Monday, March 9, 2015



“This is one of the few photographs which shows the moment of an attack.  It shows an officer of the Scottish Rifles leading his men out of a trench for a raid on German trenches near Arras on 24 March 1917.”

I found this image on the Grafton Galleries website, the link which was provided on angel. I chose this image because of how rare it is; capturing the powerful, overwhelming moment of men leaving the trenches to go into battle.

During the war, soldiers lived in the trenches. Life in the trenches was described as “one of the most sustained onslaughts of the human sensorium. It thrust man’s fragile body between the ooze of primordial slime on the one hand and the terrors of shellfire on the other…” (Das). I found this poignant because it gives me the sense that soldiers lived in fear day to day. They never knew what to expect and as this photo captures, even crawling out of the trenches they do not know what to expect. They do not know what is on the surface, and as a viewer of the image, neither do we. This image would have made the civilian at home use their imagination as to the terror present beyond what is shown. Something else I notice about this picture is how they soldiers are in a line, just waiting to crawl out of the trench and fight. This may present a somewhat negative connotation that the soldiers were made to live in these narrow, obviously unexplainably dirty trenches, to be filtered out one by one to fight. I don’t believe that this is the intent however, it is a thought that came to mind.

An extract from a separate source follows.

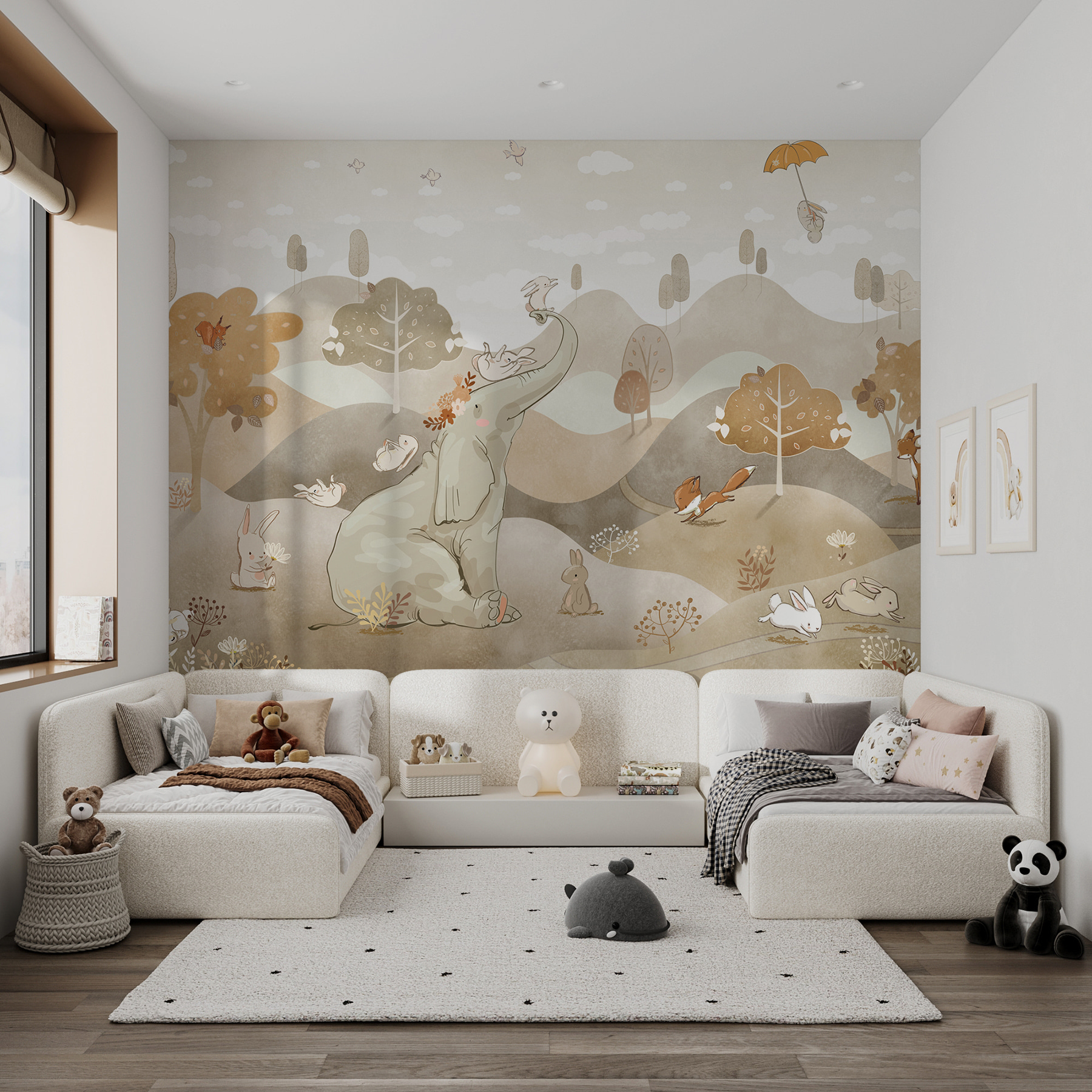 Alakítsa át a gyermek terét egy szeszélyes csodavilággá ezzel a bájos falfestménnyel, amelyen egy kedves róka látható barátságos erdei állatok között. Képzeld el, ahogy a kicsik szaladgálnak, kacagnak a játékos nyuszik és a bölcs elefánt láttán, miközben saját varázslatos történeteket álmodnak. A lágy színek nyugtató hangulatot teremtenek, amely tökéletes az esti mesékhez vagy a délutáni kalandokhoz. Olyan, mintha az elvarázsolt erdő egy darabját hoznád be a szobájukba! Ez a falfestmény nem csupán dekoráció; ez egy meghívás a képzeletre és az örömre, amely minden pillantásban kreativitást ébreszt.

I believe civilians living at home who would have seen this image would have been filled with grief, horror, and worry. The soldiers in this image are brothers, sons, fathers, husbands; loved ones. The lack of identity being shown leaves the viewer wondering if this is someone they know? Is this my loved one? Not having that answer I can only imagine as one of the worst feelings. However, during World War I being able to stay in touch with family while on the front was a priority. Soldiers were able to write home to their families and give them a sense of what the war was like however frequently they wanted. Therefore, the worrying of family members was able to be subsided eventually. They were not left wondering if their loved one was dead or alive for an extreme extended amount of time.

The strongest message I take from this image is the lack of identity. None of the soldiers faces are shown which, as already discussed, leaves you curious as to who these men were. It also makes the connection between all civilians being soldiers and fighting the war. Just because civilians were not on the front, they were making great efforts at home to support the cause.